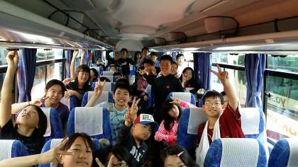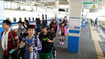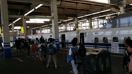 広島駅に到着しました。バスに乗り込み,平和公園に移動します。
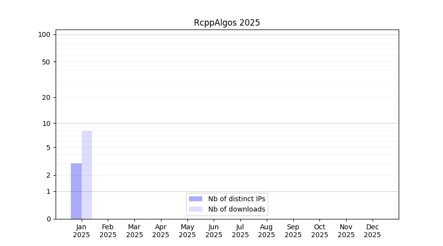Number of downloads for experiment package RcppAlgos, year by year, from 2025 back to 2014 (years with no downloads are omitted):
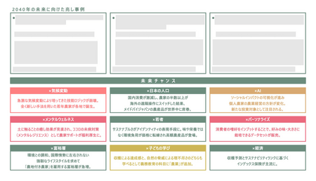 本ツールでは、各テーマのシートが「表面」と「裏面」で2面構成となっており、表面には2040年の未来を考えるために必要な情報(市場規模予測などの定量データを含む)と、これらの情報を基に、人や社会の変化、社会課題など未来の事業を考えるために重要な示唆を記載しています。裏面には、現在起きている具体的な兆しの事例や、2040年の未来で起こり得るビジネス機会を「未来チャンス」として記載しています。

...

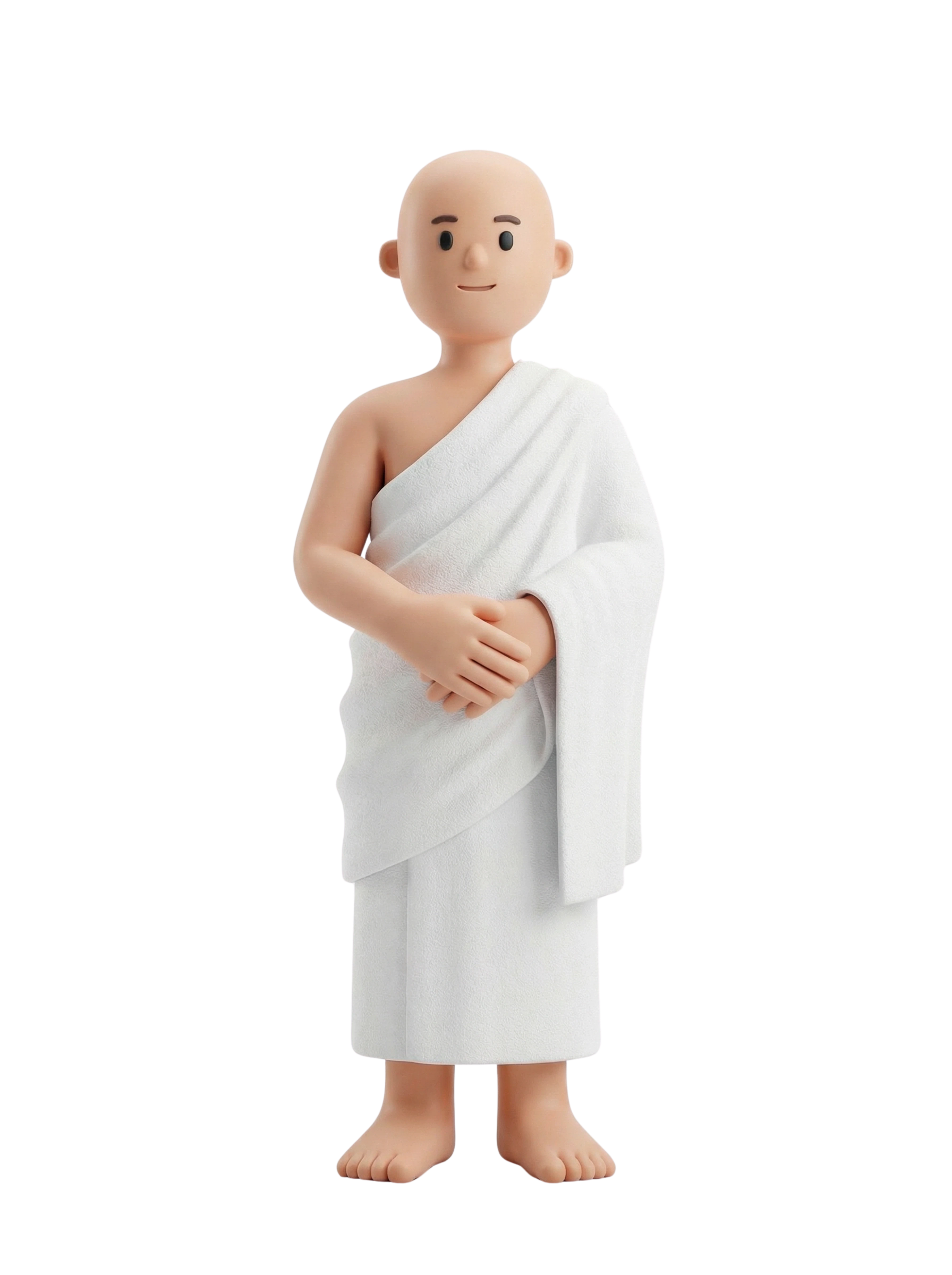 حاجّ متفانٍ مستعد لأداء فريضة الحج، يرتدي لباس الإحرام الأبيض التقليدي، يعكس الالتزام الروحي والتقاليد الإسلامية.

= TASK DIRECTIONS =
Transcribe only the lines above that start at the line containing "広島駅に到着しました。バスに乗り込み,平和公園に移動します。" and end at the line containing "本ツールでは、各テーマのシー". Omit pictures.

= WRITTEN ANSWER =
 広島駅に到着しました。バスに乗り込み,平和公園に移動します。
Number of downloads for experiment package RcppAlgos, year by year, from 2025 back to 2014 (years with no downloads are omitted):
 本ツールでは、各テーマのシートが「表面」と「裏面」で2面構成となっており、表面には2040年の未来を考えるために必要な情報(市場規模予測などの定量データを含む)と、これらの情報を基に、人や社会の変化、社会課題など未来の事業を考えるために重要な示唆を記載しています。裏面には、現在起きている具体的な兆しの事例や、2040年の未来で起こり得るビジネス機会を「未来チャンス」として記載しています。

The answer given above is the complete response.